# Chef's Catalog



## Addie (May 23, 2014)

This came in my Email today. Just in time for summer out in the yard. I love the idea of the BLT one. 

http://web.mail.comcast.net/zimbra/...=61779&st=message&id=320340&xim=1&action=view


----------



## Kayelle (May 23, 2014)

Addie....here is the correct link..
CHEFS: The Best Kitchen Starts Here

Interesting stuff!! I may have to order sumpin.


----------



## Dawgluver (May 23, 2014)

Let's see if this link works for the potato salad:
http://www.chefscatalog.com/recipe/...ys-blt-potato-salad.aspx?sourcecode=FW2EM1625

Yay!  There are some other good recipes in the link at the bottom.


----------



## Kayelle (May 23, 2014)

Now *that's *one mouth watering recipe Dawg! All we need to add is HB eggs and we're set. 

Copied and pasted!


----------



## Dawgluver (May 23, 2014)

Thank Addie, not me, Kay!  I couldn't get her original link to work.

It does look good!


----------



## Addie (May 24, 2014)

Dawgluver said:


> Let's see if this link works for the potato salad:
> Cook's Country's BLT Potato Salad | CHEFS Catalog
> 
> Yay!  There are some other good recipes in the link at the bottom.

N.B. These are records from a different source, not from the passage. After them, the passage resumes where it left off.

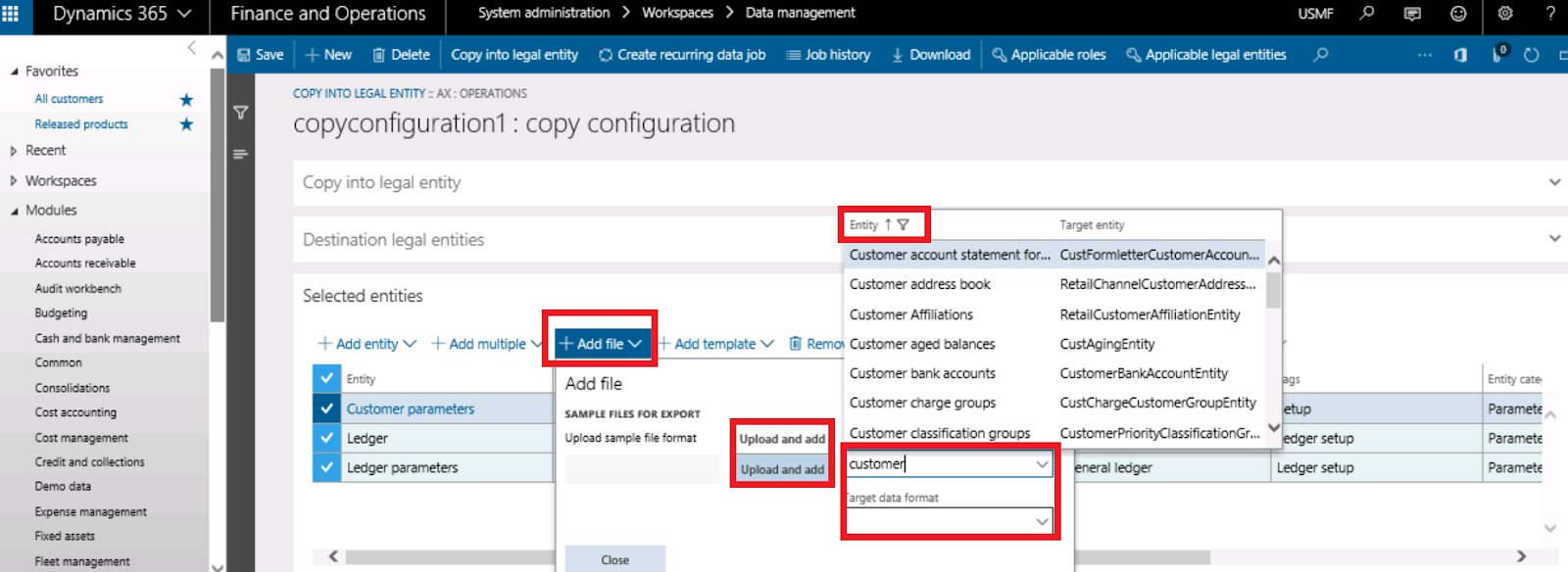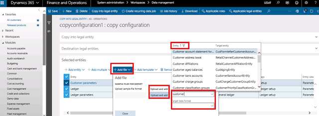 C- add file , in this case, you can upload the file with target data format and select the entity
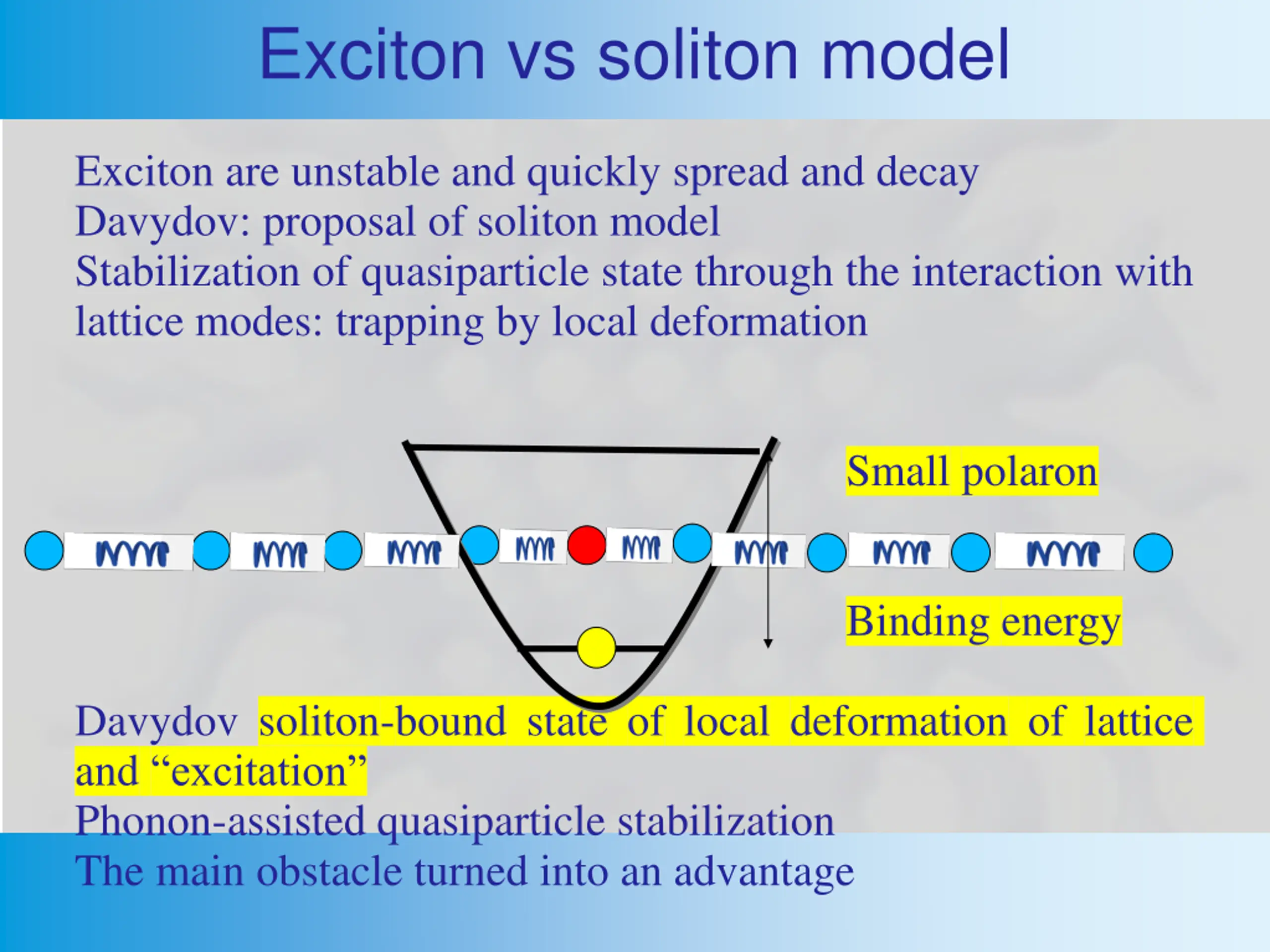 Exciton vs soliton model Exciton are unstable and quickly spread and decay Davydov: proposal of soliton model Stabilization of quasiparticle state through the interaction with lattice modes: trapping by local deformation Small polaron Binding energy Davydov soliton-bound state of local deformation of lattice and excitation Phonon-assisted quasiparticle stabilization The main obstacle turned into an advantage
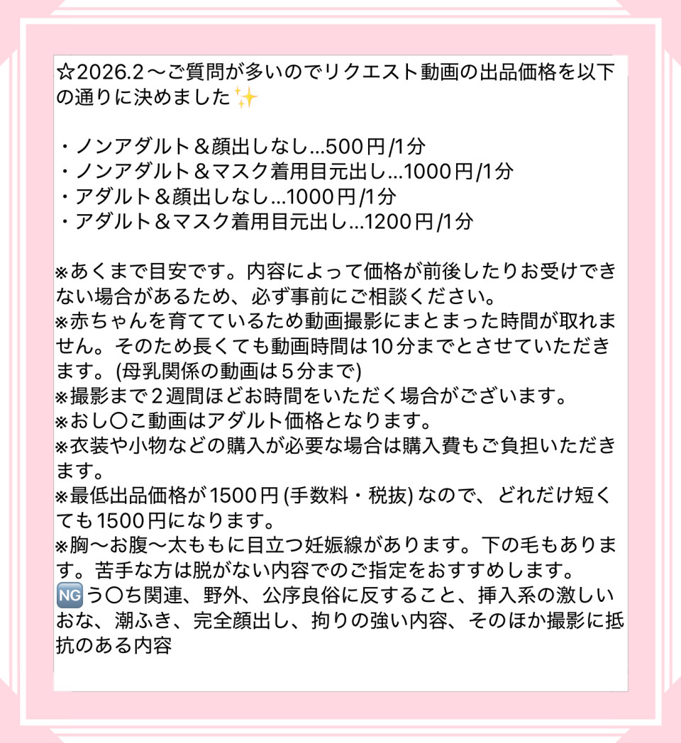 ご質問いただく機会が多いので、リクエスト動画の価格を分かりやすく設定いたしました🌼
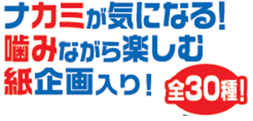 ④ナカミが気になる!噛みながら楽しむ、紙(かみ)企画を実施し、新たに10種類を追加(全30種類)。
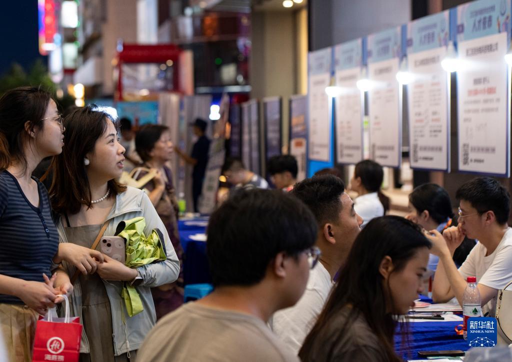 當日,浙江省金華市舉辦“人才夜市”高校畢業生專場,多家生物醫藥、機械製造、新能源企業為求職者提供工作崗位,吸引了許多高校畢業生前往諮詢應聘。
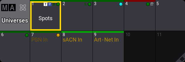 If a universe is assigned to a DMX port, there is a small port icon. This can have different colors depending on whether the port is set to output (green), input (orange), output and input (bright cyan), if it is output with RDM enabled (dark cyan), or if it does not output DMX (black).
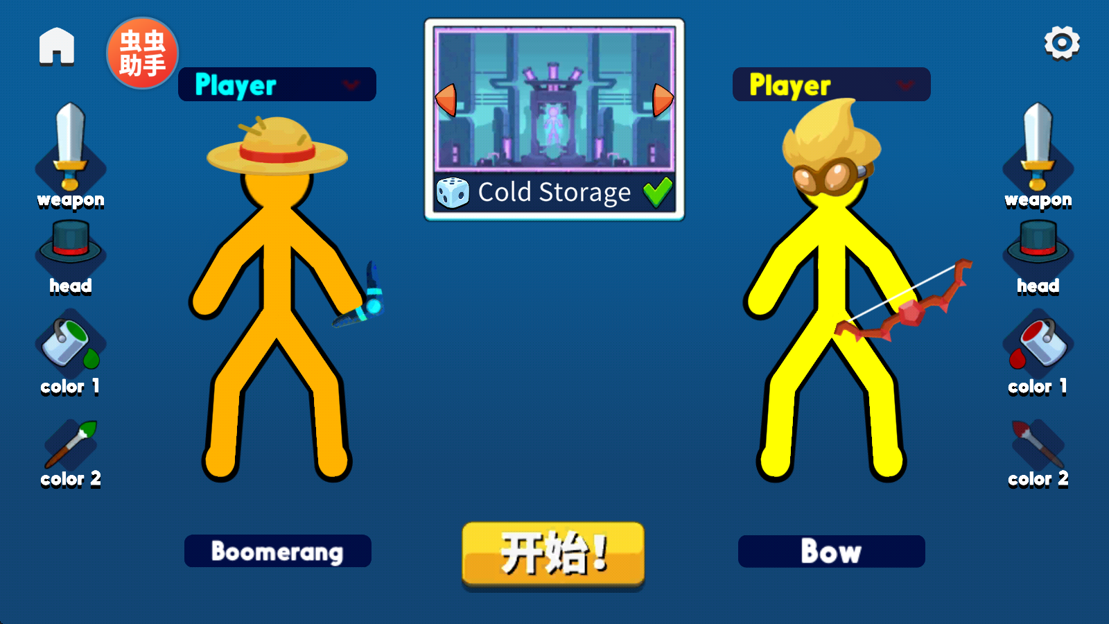 2、接着按照喜好去选择火柴的配色、外观,以及武器。
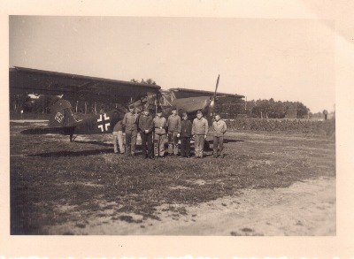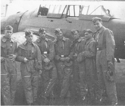 Hier eine Gruppenaufnahme, die einige Besatzungen dieser Nachtschlachtgruppe zeigt. Ganz links der Unteroffizier Arentz, von dem diese Aufnahme stammt.
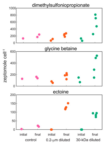 Amino acids (Figure 3) and compatible solutes (Figure 4) accumulated within the intracellular metabolite pool and these changes were statistically significant for the amino acids phenylalanine and glutamic acid in the 30-kDa diluted treatment (one-way ANOVA, p-values < 0.05 followed post hoc by Dunnett’s test, Table 2); there was no significant difference between the 0.2-µm diluted treatment and the control. Other amino acids including arginine, glutamine, and proline showed similar, but not statistically significant, trends (Supplemental Figure S3). The accumulation of ectoine, a compatible solute, was also statistically significant in both the 0.2-µm diluted and 30-kDa diluted treatments (one-way ANOVA, p-value = 0.0001 followed post hoc by Dunnett’s test, Table 2, Figure 4). Glycine betaine and dimethylsulfoniopropionate (DMSP) are two additional compatible solutes that also showed similar, albeit not statistically significant, increases over the course of the incubation experiment (Figure 4).
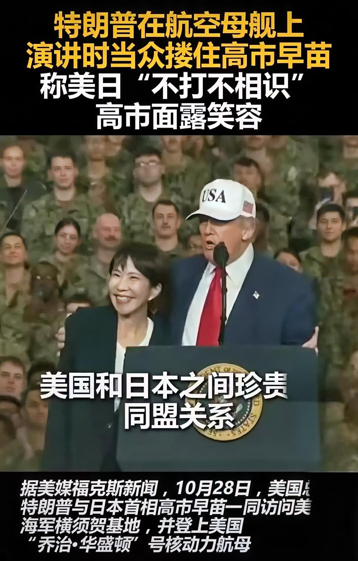 特朗普这一举止真是既辣眼睛又扎心窝 10月28日,美国总统特朗普带着日本首相高市早苗一同到驻日美军横须贺基地,并登上“乔治·华盛顿”号航母发表演讲。 只见特朗普直接上手搂着高市早苗向驻日美军说:美国和日本之间珍贵的同盟关系,诞生于一场可怕战争的废墟中,我们的纽带在80年间发展为全世界最非凡的关系之一。 别看在一旁被特朗普搂着的高市强装着笑容,很是配合的样子。信不信,假如美国如今已落魄,就凭高市拜“鬼”成瘾的作风,听到老特提起“战争的废墟”,肯定想到当年日本被美国丢下的两枚原子弹,估计直接露出獠牙扑向老特的脖子。 友友们看到特朗普与高市早苗的“暧昧”互动,有什么想说的吗?欢迎在评论区分享交流。

I get several emails throughout every day from them. They do have some great recipes and I love what they sell. Solid equipment for the kitchen. A little bit pricey on some items, but you are getting solid quality. It is the first place I go to when I need something. Then I go to Amazon to read the reviews.


----------



## Kayelle (May 26, 2014)

I just saw this grilling basket, much like mine that I use for veggies.
Good price, and free shipping..

CHEFS Barbeque Grilling Tray | CHEFScatalog.com


----------



## Addie (May 27, 2014)

I have ordered their tiny holiday cookie cutters. They make for a great trim on a pie. At Christmas I use the tree ones. I also have their leaf ones that I use at Thanksgiving for the Pumpkin Pie. They really make for a great presentation. You have to have an extra pie crust ready though. So some pies will call for three crusts instead of just the two.


----------



## Breathing Couch (May 27, 2014)

that catalog is fun, huh ?


----------



## Addie (May 28, 2014)

Breathing Couch said:


> that catalog is fun, huh ?



Yes it is. You can go to chefscatalog.com and see for yourself.


----------